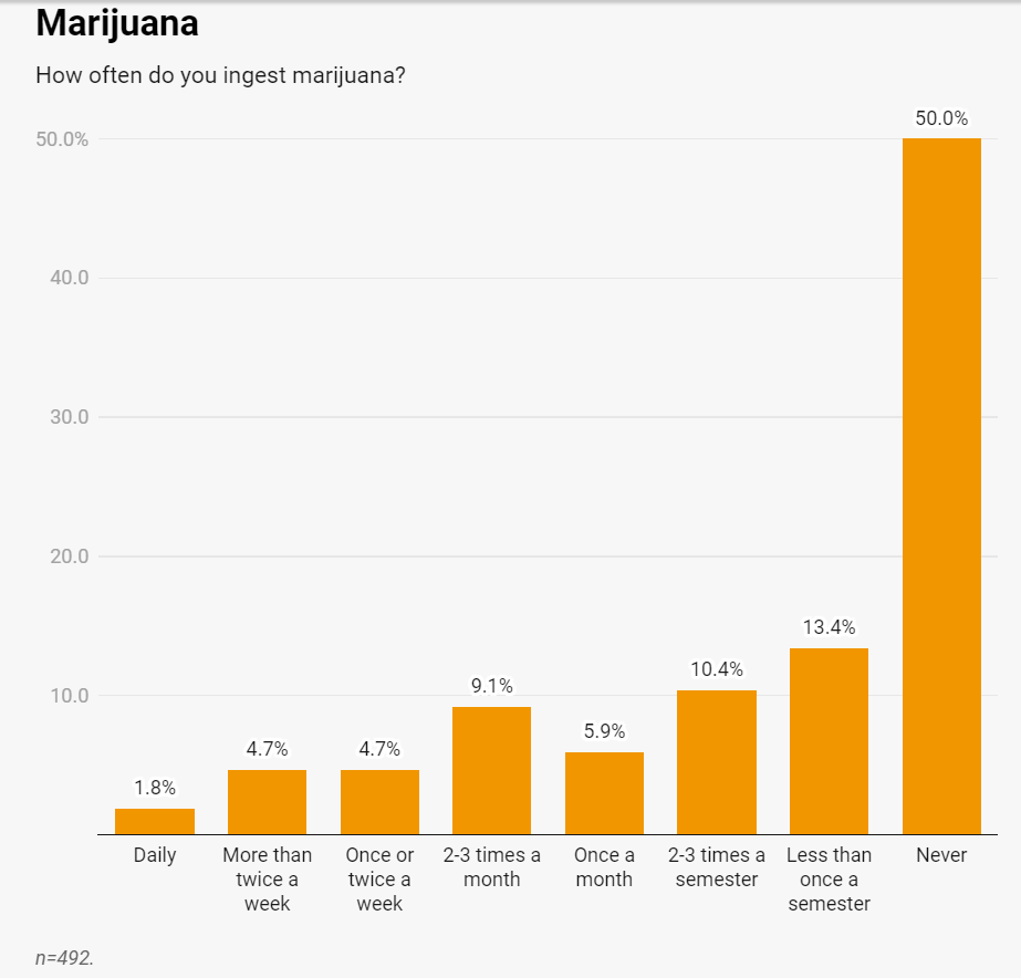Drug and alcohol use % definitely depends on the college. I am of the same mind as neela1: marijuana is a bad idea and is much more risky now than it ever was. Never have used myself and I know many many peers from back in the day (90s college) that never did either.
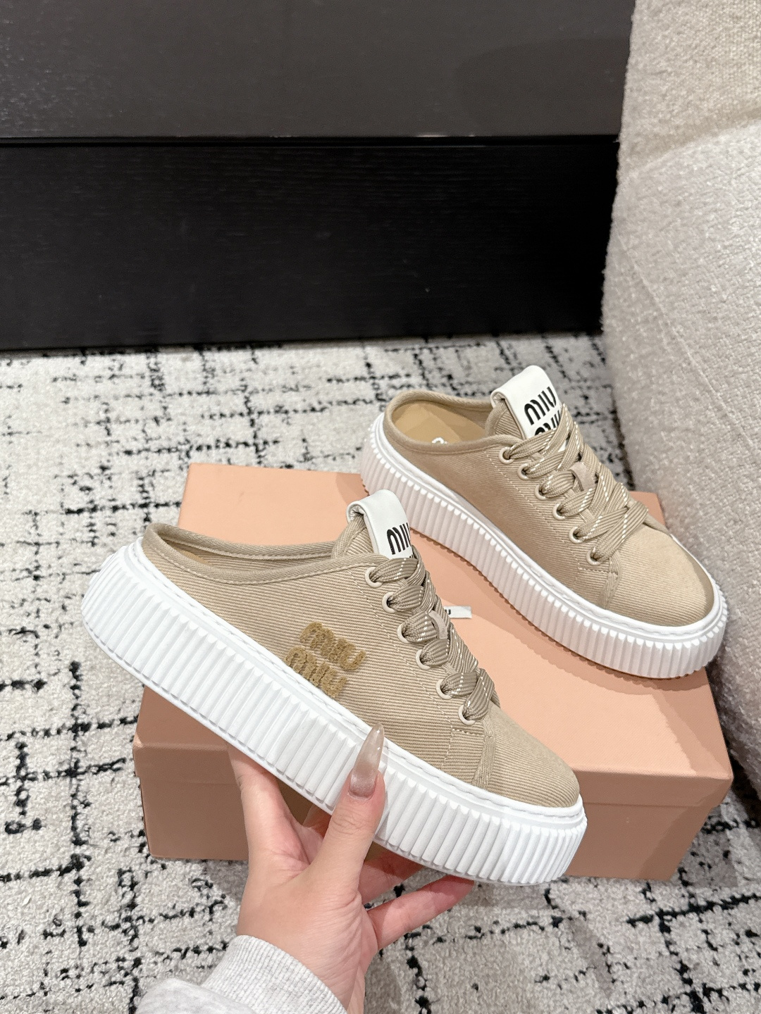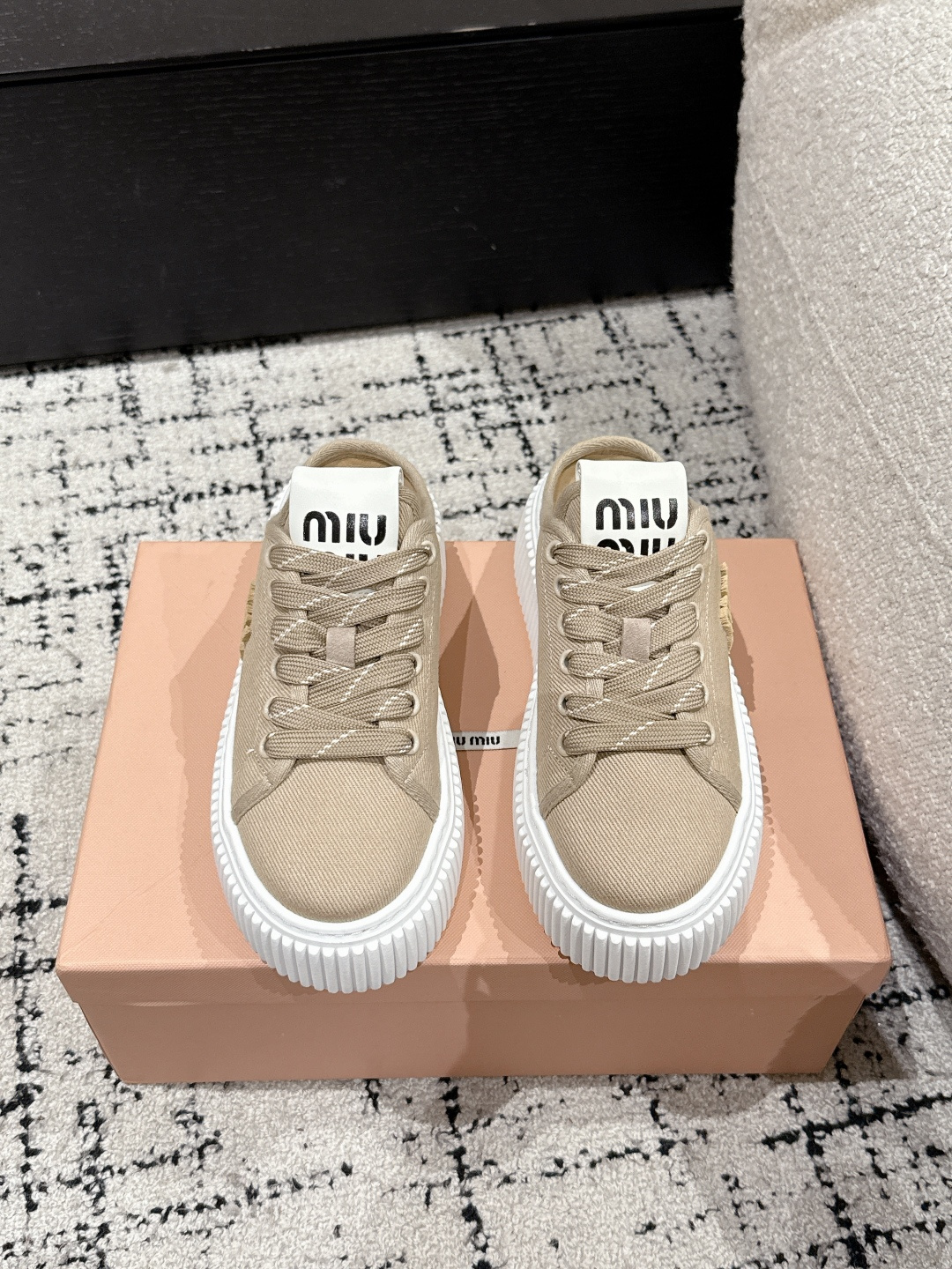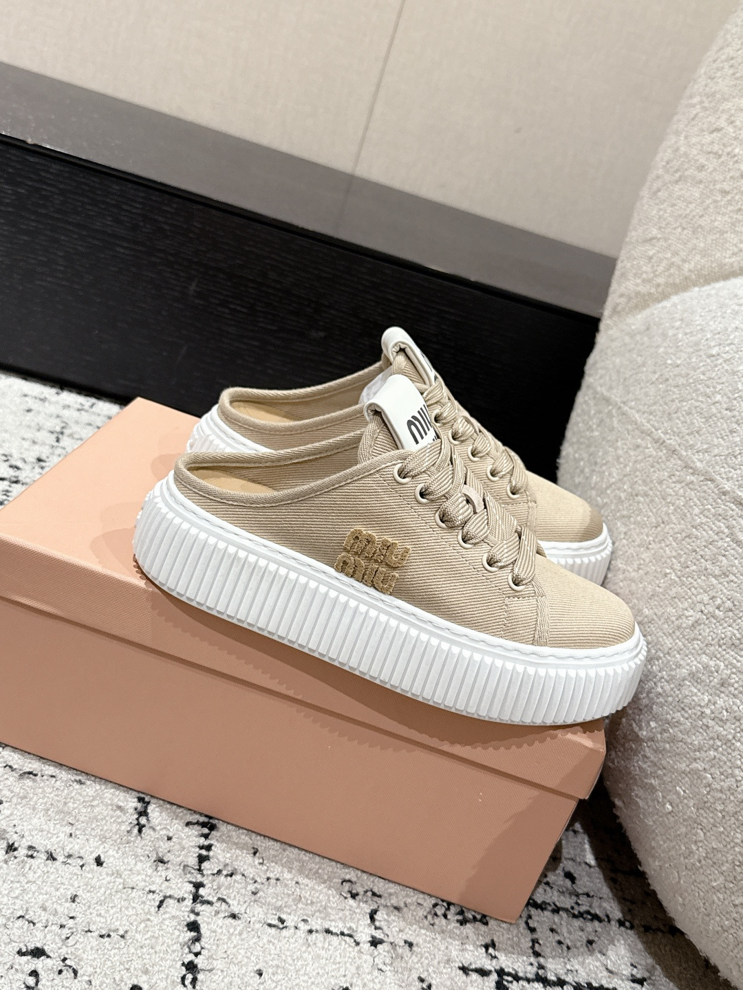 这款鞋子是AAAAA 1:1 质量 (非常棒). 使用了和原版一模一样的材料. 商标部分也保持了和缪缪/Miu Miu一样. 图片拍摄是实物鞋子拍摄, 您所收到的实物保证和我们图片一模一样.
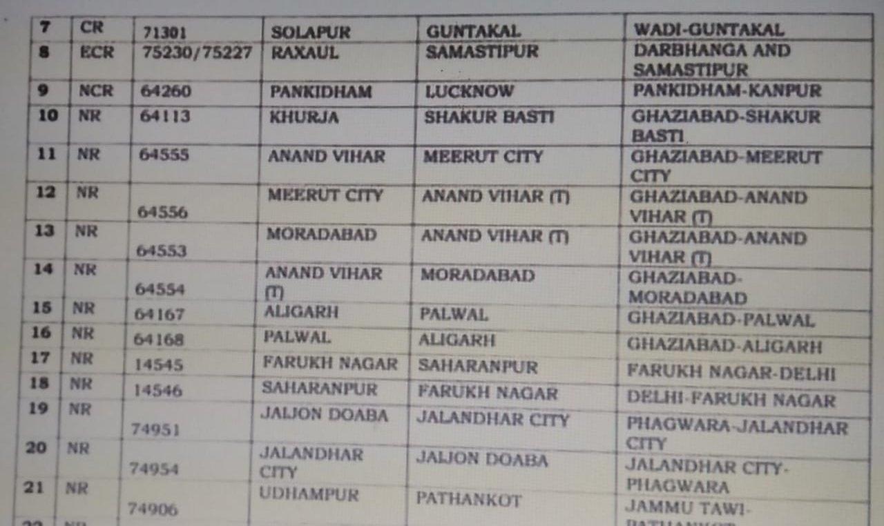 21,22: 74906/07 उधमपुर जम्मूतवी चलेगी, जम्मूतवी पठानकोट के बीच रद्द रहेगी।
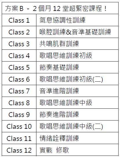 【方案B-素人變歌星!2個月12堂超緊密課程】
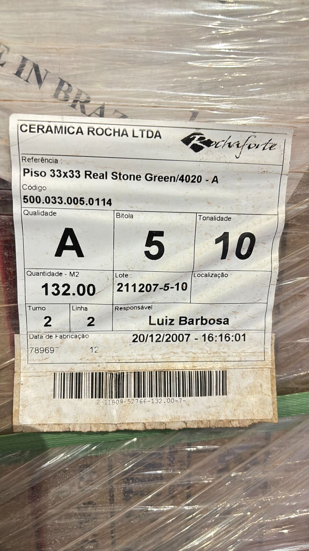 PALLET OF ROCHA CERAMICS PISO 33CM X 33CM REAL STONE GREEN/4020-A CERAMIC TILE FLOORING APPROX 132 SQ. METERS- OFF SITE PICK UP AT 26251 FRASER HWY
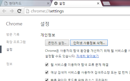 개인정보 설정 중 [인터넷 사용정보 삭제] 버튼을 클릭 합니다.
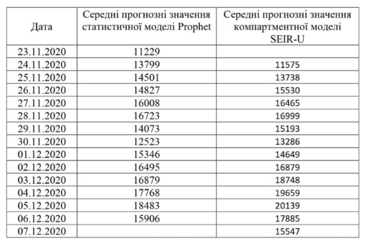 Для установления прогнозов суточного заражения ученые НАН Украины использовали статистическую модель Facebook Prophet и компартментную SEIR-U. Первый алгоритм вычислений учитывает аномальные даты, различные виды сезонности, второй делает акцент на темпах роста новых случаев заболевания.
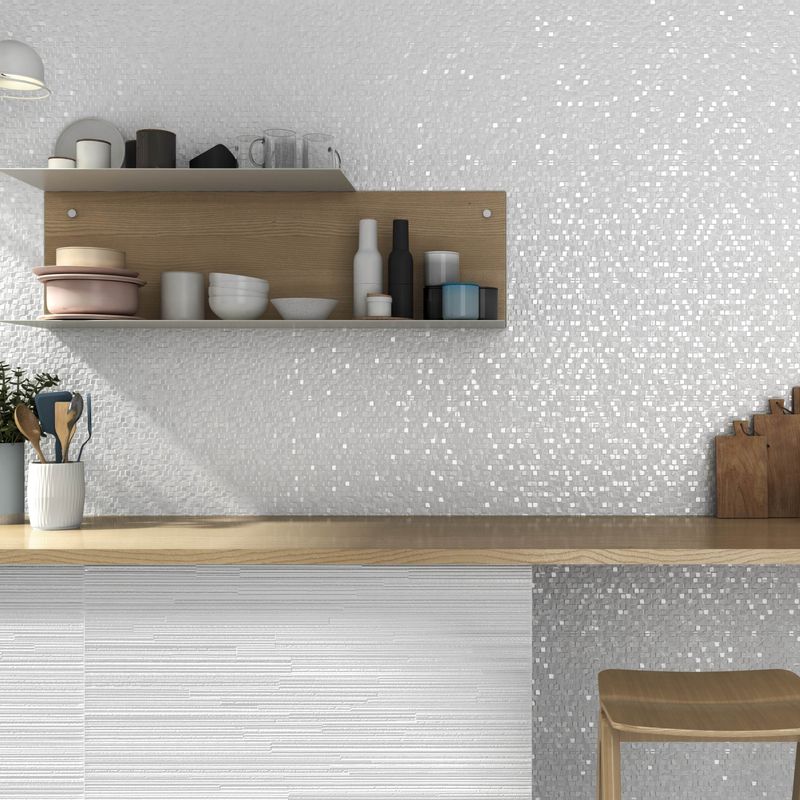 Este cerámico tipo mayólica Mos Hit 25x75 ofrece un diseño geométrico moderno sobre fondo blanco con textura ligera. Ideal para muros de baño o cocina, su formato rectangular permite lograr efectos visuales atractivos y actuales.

##############################

● Work instructions: Output the entries above exactly as given, but strip out the pictures.

● Output:
Drug and alcohol use % definitely depends on the college. I am of the same mind as neela1: marijuana is a bad idea and is much more risky now than it ever was. Never have used myself and I know many many peers from back in the day (90s college) that never did either.
 这款鞋子是AAAAA 1:1 质量 (非常棒). 使用了和原版一模一样的材料. 商标部分也保持了和缪缪/Miu Miu一样. 图片拍摄是实物鞋子拍摄, 您所收到的实物保证和我们图片一模一样.
 21,22: 74906/07 उधमपुर जम्मूतवी चलेगी, जम्मूतवी पठानकोट के बीच रद्द रहेगी।
 【方案B-素人變歌星!2個月12堂超緊密課程】
 PALLET OF ROCHA CERAMICS PISO 33CM X 33CM REAL STONE GREEN/4020-A CERAMIC TILE FLOORING APPROX 132 SQ. METERS- OFF SITE PICK UP AT 26251 FRASER HWY
 개인정보 설정 중 [인터넷 사용정보 삭제] 버튼을 클릭 합니다.
 Для установления прогнозов суточного заражения ученые НАН Украины использовали статистическую модель Facebook Prophet и компартментную SEIR-U. Первый алгоритм вычислений учитывает аномальные даты, различные виды сезонности, второй делает акцент на темпах роста новых случаев заболевания.
 Este cerámico tipo mayólica Mos Hit 25x75 ofrece un diseño geométrico moderno sobre fondo blanco con textura ligera. Ideal para muros de baño o cocina, su formato rectangular permite lograr efectos visuales atractivos y actuales.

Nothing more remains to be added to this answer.